TO DO >>
This exercise asks for an exact copy of every entry below, with pictures omitted.
── PROVIDED ENTRIES
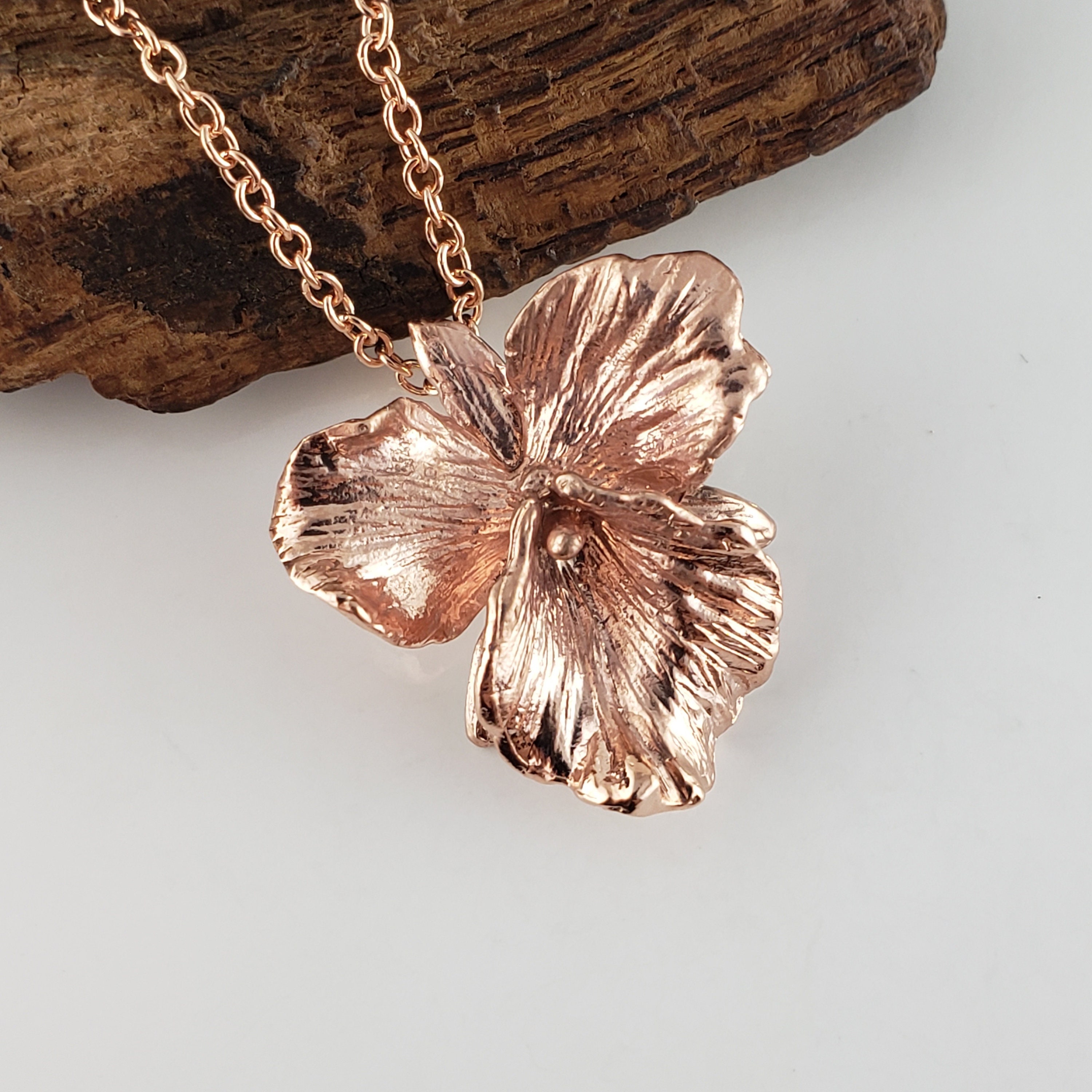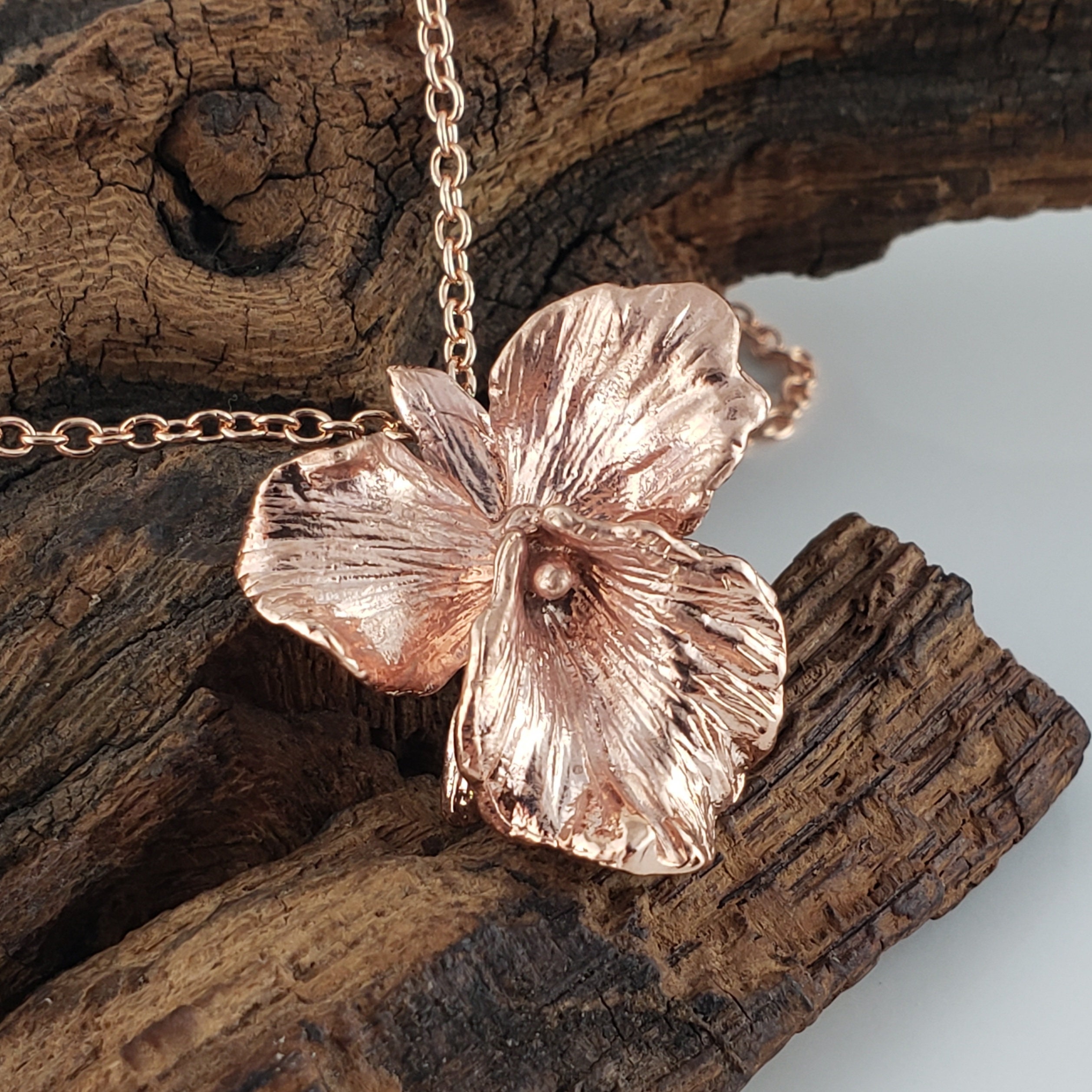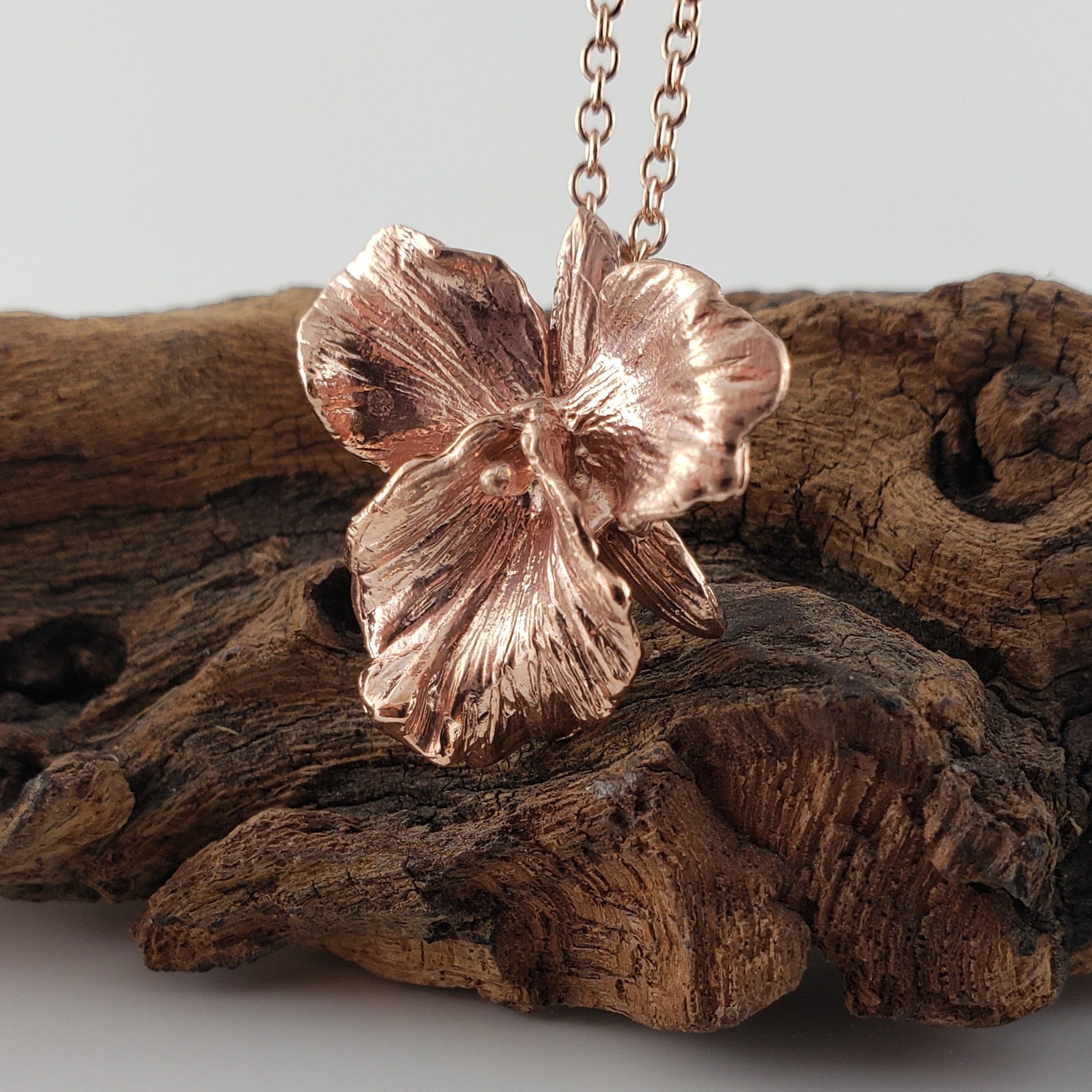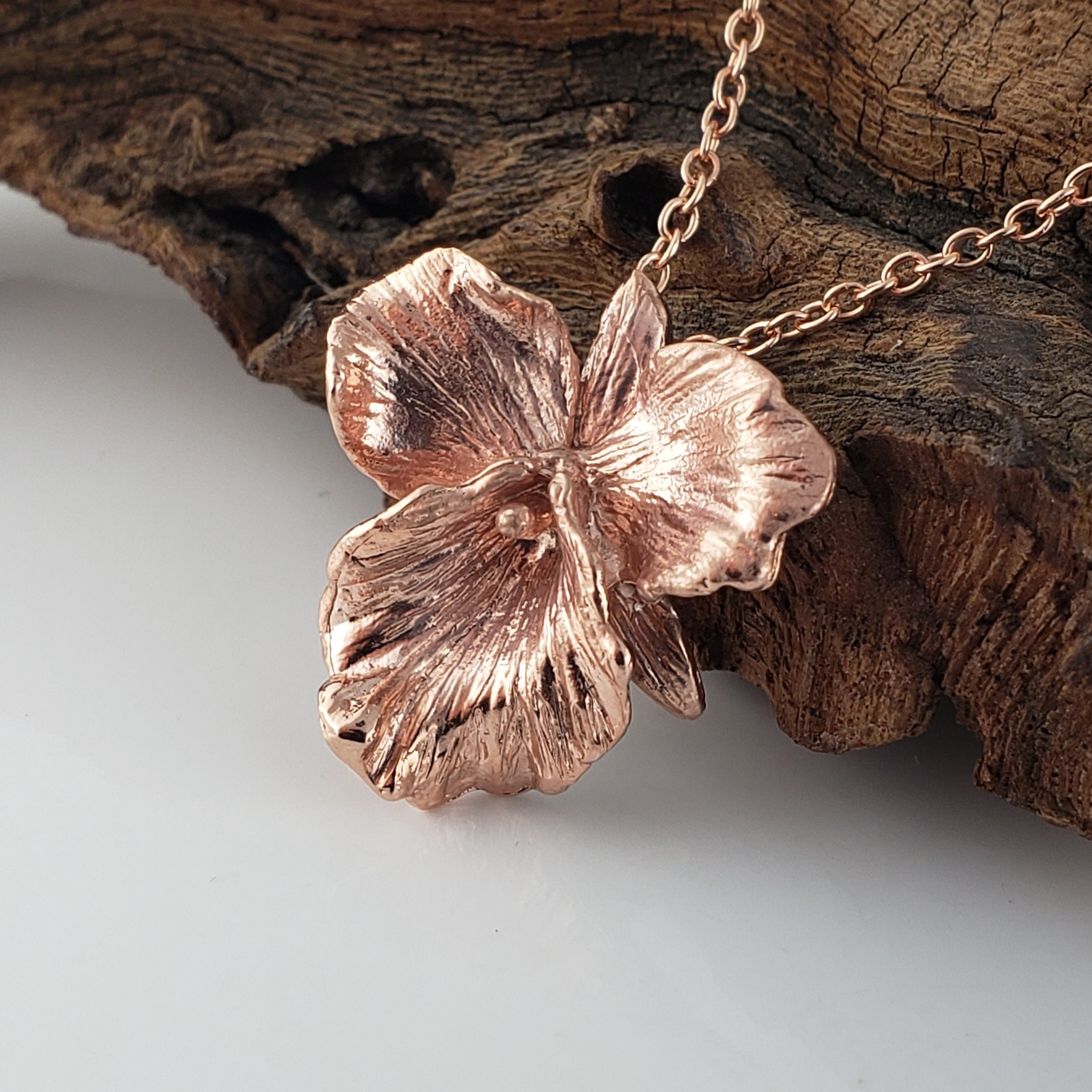 92.5 Sterling Silver Orchid Pendant plated in 14k Rose Gold, pendant only or with Gold Filled Cable Chain
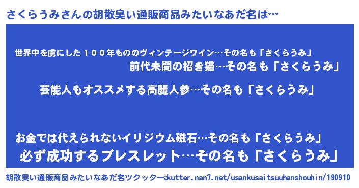 | 男性向けラノベタイトル風あだ名 | 『さくらうみ~年齢イコール彼女いない歴の魔法使い~』 |
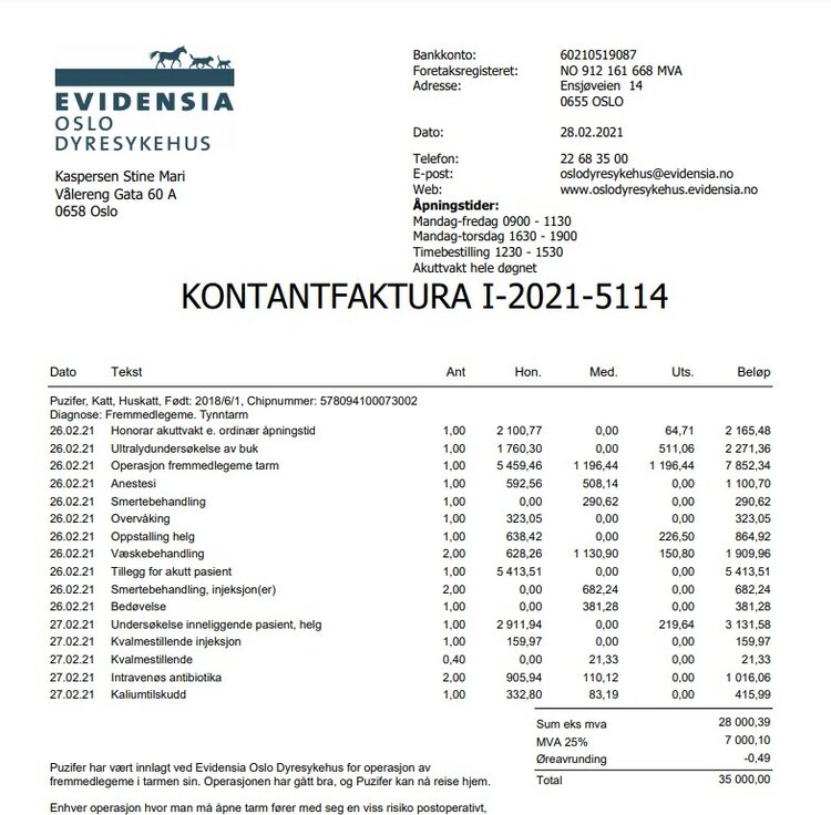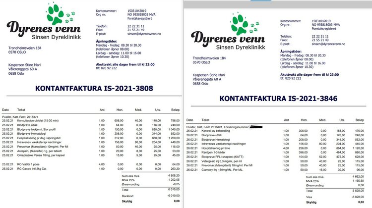 Kvitteringer fra Dyrenes Venn og Evidensia
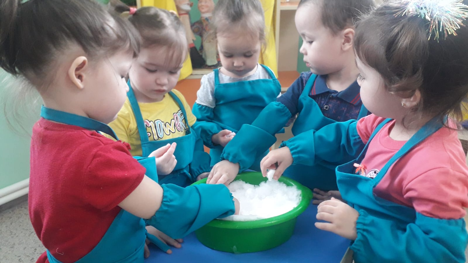 В рамках реализации проекта "В лаборатории удивительных открытий" ознакомление детей первой младшей группы со свойствами снега.
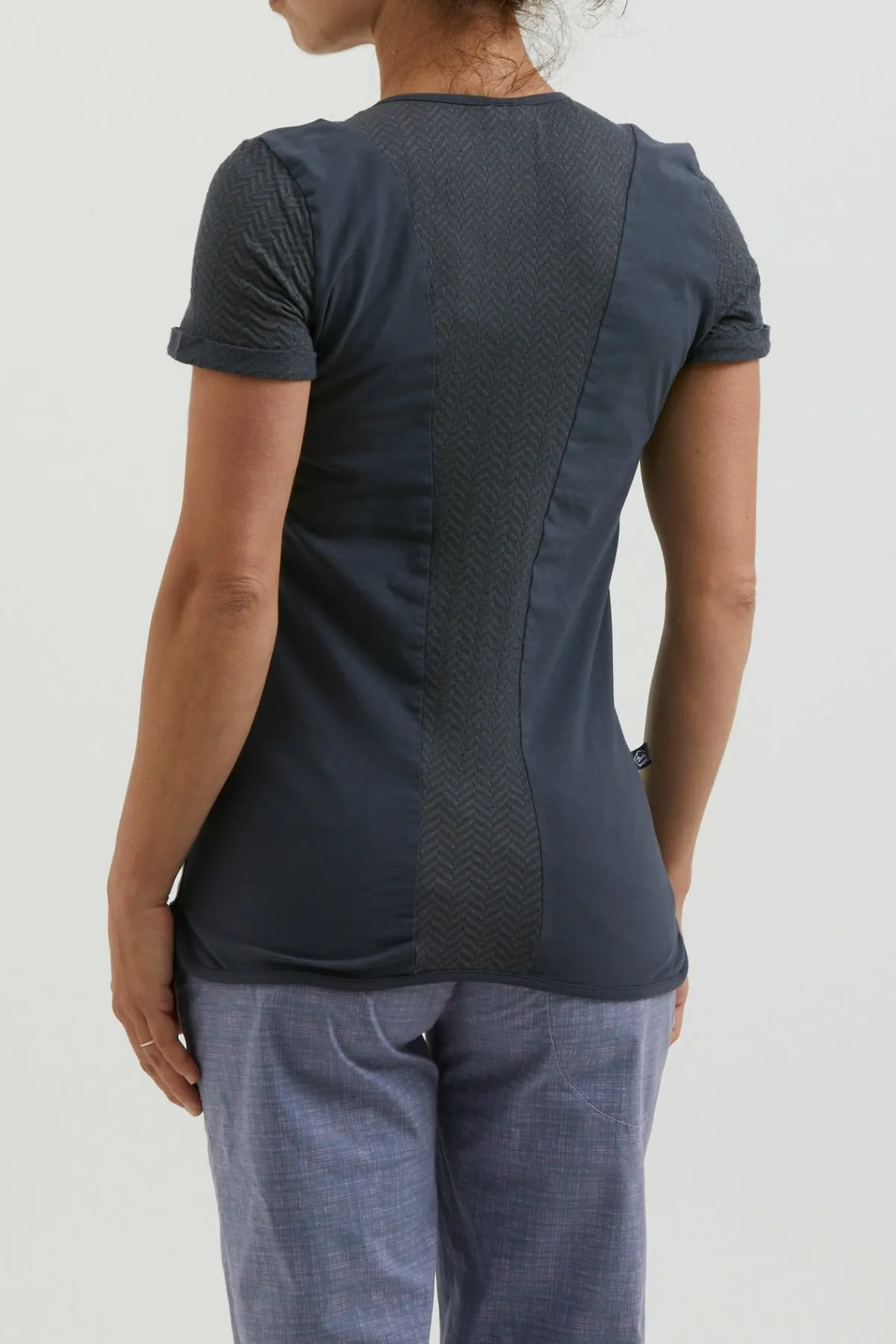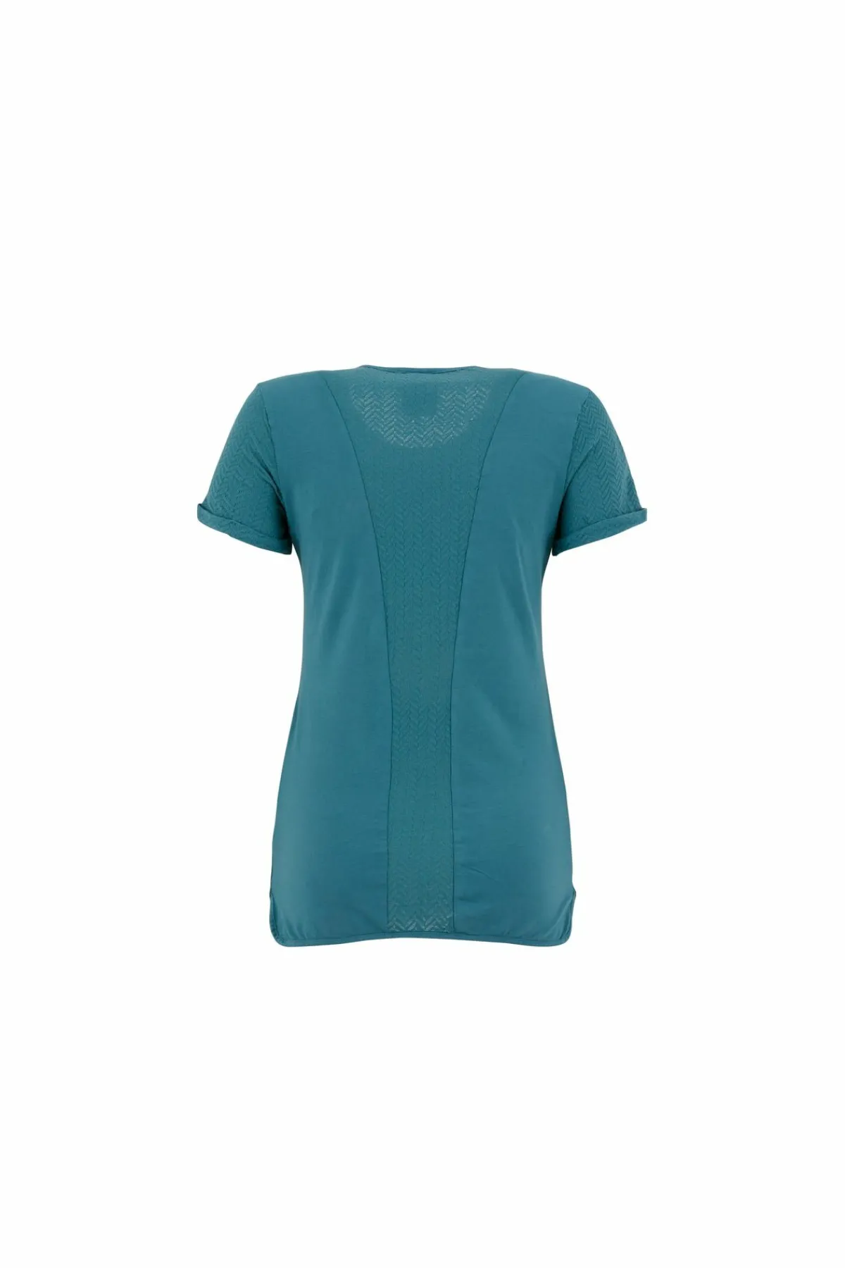 Camiseta De Concepto Urbano En Bielástico Para La Parte Delantera Y Las Mangas Y Punto Jacquard Para La Espalda. Algodon Organico. Corte Original En La Espalda. Estampado Y Bordado En La Parte Delantera. Buen Confort. Ajuste Regular. Hecho En Italia.
────
TASK ANSWER >>
 92.5 Sterling Silver Orchid Pendant plated in 14k Rose Gold, pendant only or with Gold Filled Cable Chain
 | 男性向けラノベタイトル風あだ名 | 『さくらうみ~年齢イコール彼女いない歴の魔法使い~』 |
 Kvitteringer fra Dyrenes Venn og Evidensia
 В рамках реализации проекта "В лаборатории удивительных открытий" ознакомление детей первой младшей группы со свойствами снега.
 Camiseta De Concepto Urbano En Bielástico Para La Parte Delantera Y Las Mangas Y Punto Jacquard Para La Espalda. Algodon Organico. Corte Original En La Espalda. Estampado Y Bordado En La Parte Delantera. Buen Confort. Ajuste Regular. Hecho En Italia.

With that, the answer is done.